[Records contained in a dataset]
────────
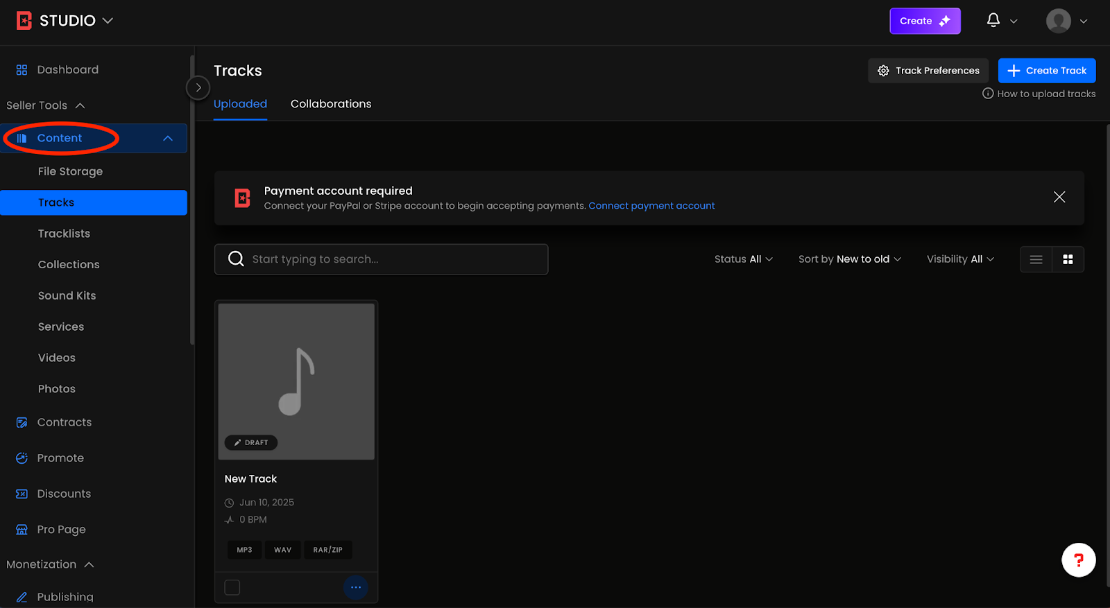 - Klicken Sie im Studio unter dem Dropdown-Menü "Content" auf der linken Seite auf den Abschnitt "Tracks".
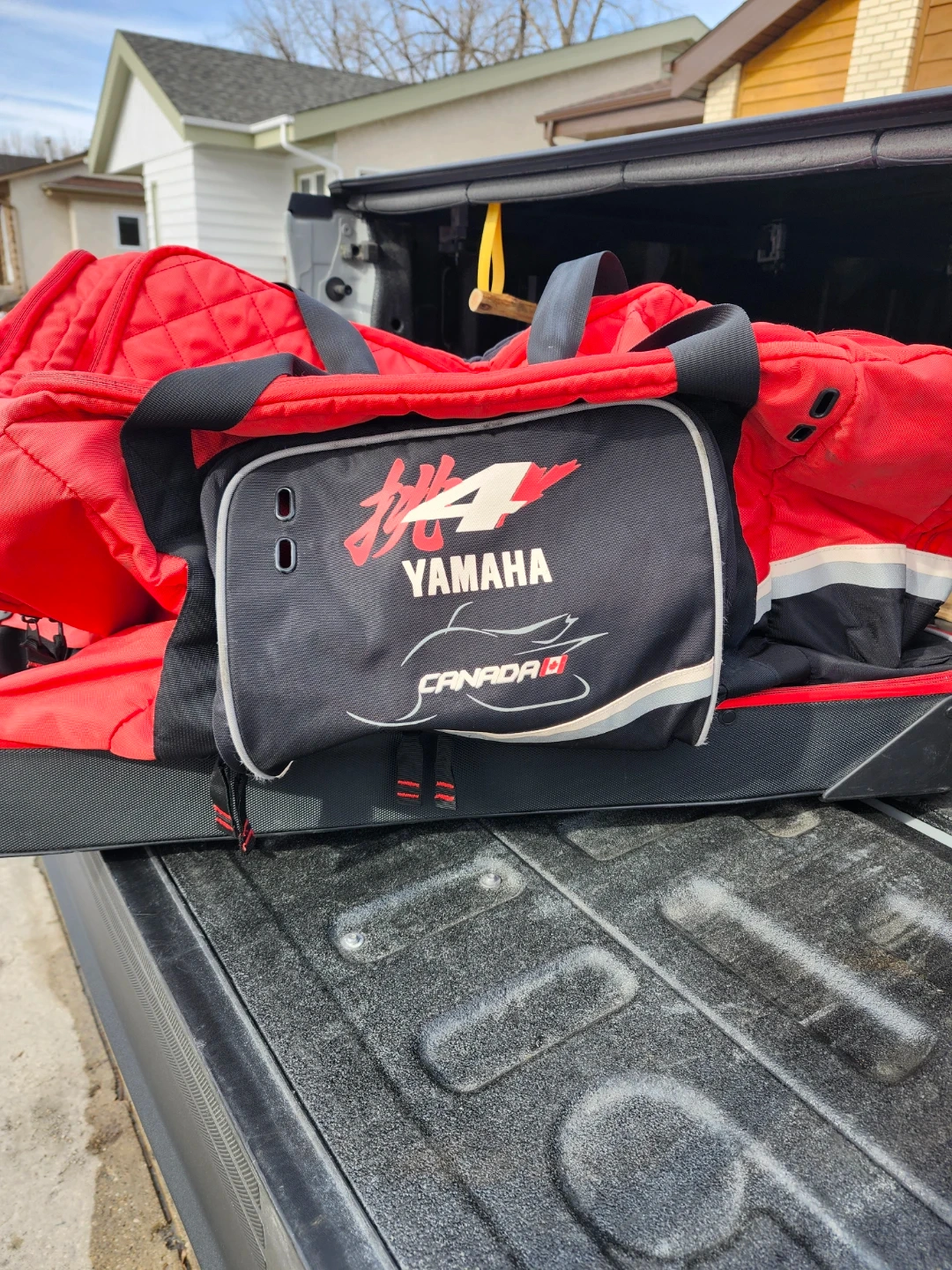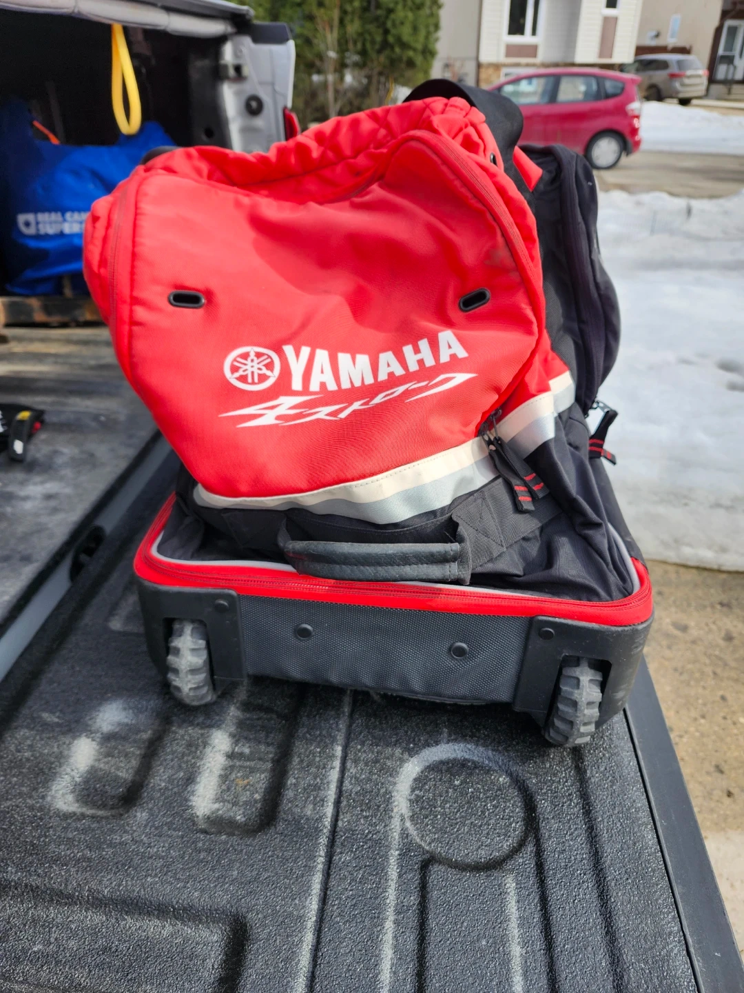 Red and black Yamaha Canada wheeled duffle bag. It has multiple compartments and straps for securing items. Great for travel or gear storage! In mint condition and clean.
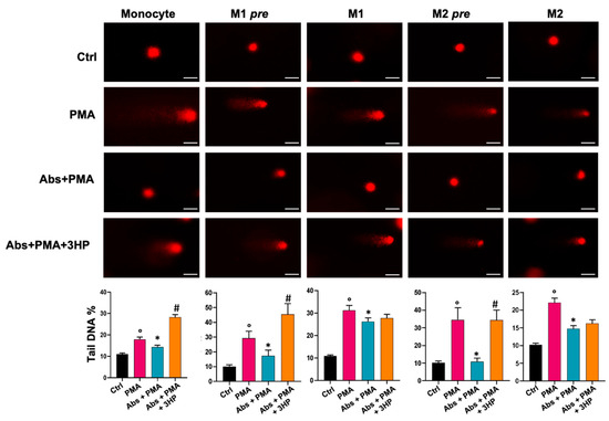 Absinthin protects monocytes and macrophages from PMA-induced DNA damage. Monocytes, fully differentiated macrophages, and macrophages derived from treated monocytes (M1 and M2 pre) were pre-incubated for 1 h with Abs (10 μM) with/without 3HP (10 μM) and then stimulated with PMA (1 μM) for 30 min. Tail DNA percentage was used as a parameter to indicate DNA damage. Data are expressed as the mean ± SEM of at least 50 single cells analysed in three independent experiments. Results were analysed using one-way ANOVA with a Kruskal–Wallis test for multiple comparisons. Significance levels: ° p < 0.05 vs. Ctrl; * p < 0.05 vs. PMA; # p < 0.05 vs. Abs (10 μM). Magnification: 100×. Abs, absinthin; Ctrl, control (unstimulated cells); PMA, phorbol 12-mystrate 13-acetate; 3HP, 3-hydroxypelenolide. Scale bar: 25 μm.
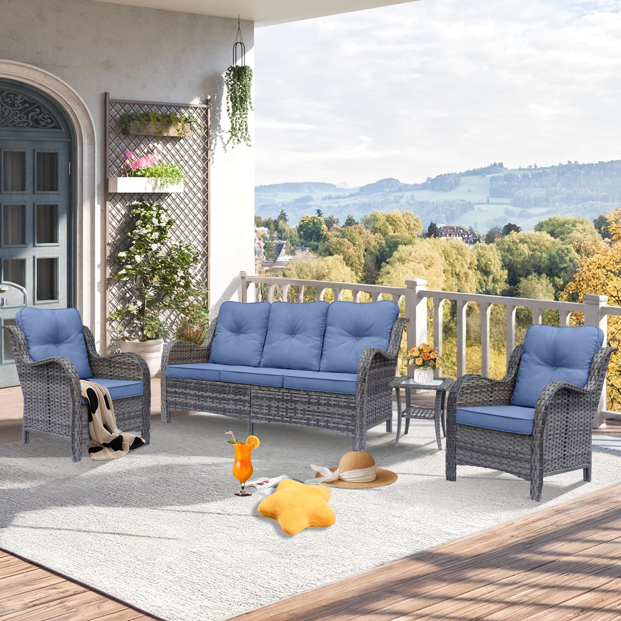 High Back Wicker Outdoor Patio Conversation Seating Sets with Cushions
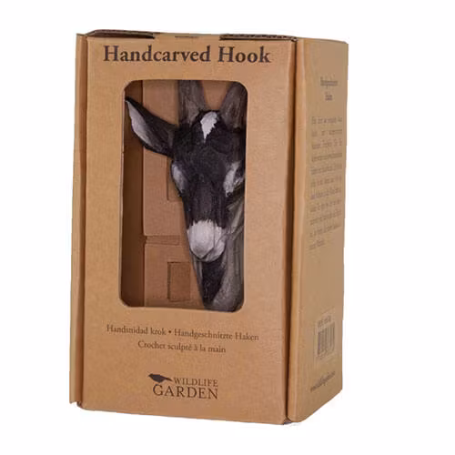 Denna klädhängare föreställer en busig get. Geten är ett akrobatiskt djur som är duktigt på att hoppa och klättra. Här är den naturtroget avbildad i trä med en rejäl krok i metall.
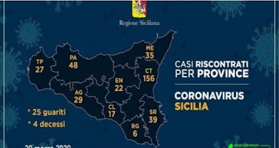 Questa la divisione degli attuali positivi nelle varie province: #Agrigento, 75 (0 ricoverati, 2 guariti e 1 deceduto); #Caltanissetta, 61 (19, 3, 4); #Catania, 368 (136, 16, 23); #Enna, 181 (92, 1, 10); #Messina, 266 (129, 8, 15); #Palermo, 216 (78, 14, 6); #Ra
────────
Set down exactly the lines of the entries above from the one holding "Absinthin protects monocytes" through the last one, including both, with the pictures left out.

 Absinthin protects monocytes and macrophages from PMA-induced DNA damage. Monocytes, fully differentiated macrophages, and macrophages derived from treated monocytes (M1 and M2 pre) were pre-incubated for 1 h with Abs (10 μM) with/without 3HP (10 μM) and then stimulated with PMA (1 μM) for 30 min. Tail DNA percentage was used as a parameter to indicate DNA damage. Data are expressed as the mean ± SEM of at least 50 single cells analysed in three independent experiments. Results were analysed using one-way ANOVA with a Kruskal–Wallis test for multiple comparisons. Significance levels: ° p < 0.05 vs. Ctrl; * p < 0.05 vs. PMA; # p < 0.05 vs. Abs (10 μM). Magnification: 100×. Abs, absinthin; Ctrl, control (unstimulated cells); PMA, phorbol 12-mystrate 13-acetate; 3HP, 3-hydroxypelenolide. Scale bar: 25 μm.
 High Back Wicker Outdoor Patio Conversation Seating Sets with Cushions
 Denna klädhängare föreställer en busig get. Geten är ett akrobatiskt djur som är duktigt på att hoppa och klättra. Här är den naturtroget avbildad i trä med en rejäl krok i metall.
 Questa la divisione degli attuali positivi nelle varie province: #Agrigento, 75 (0 ricoverati, 2 guariti e 1 deceduto); #Caltanissetta, 61 (19, 3, 4); #Catania, 368 (136, 16, 23); #Enna, 181 (92, 1, 10); #Messina, 266 (129, 8, 15); #Palermo, 216 (78, 14, 6); #Ra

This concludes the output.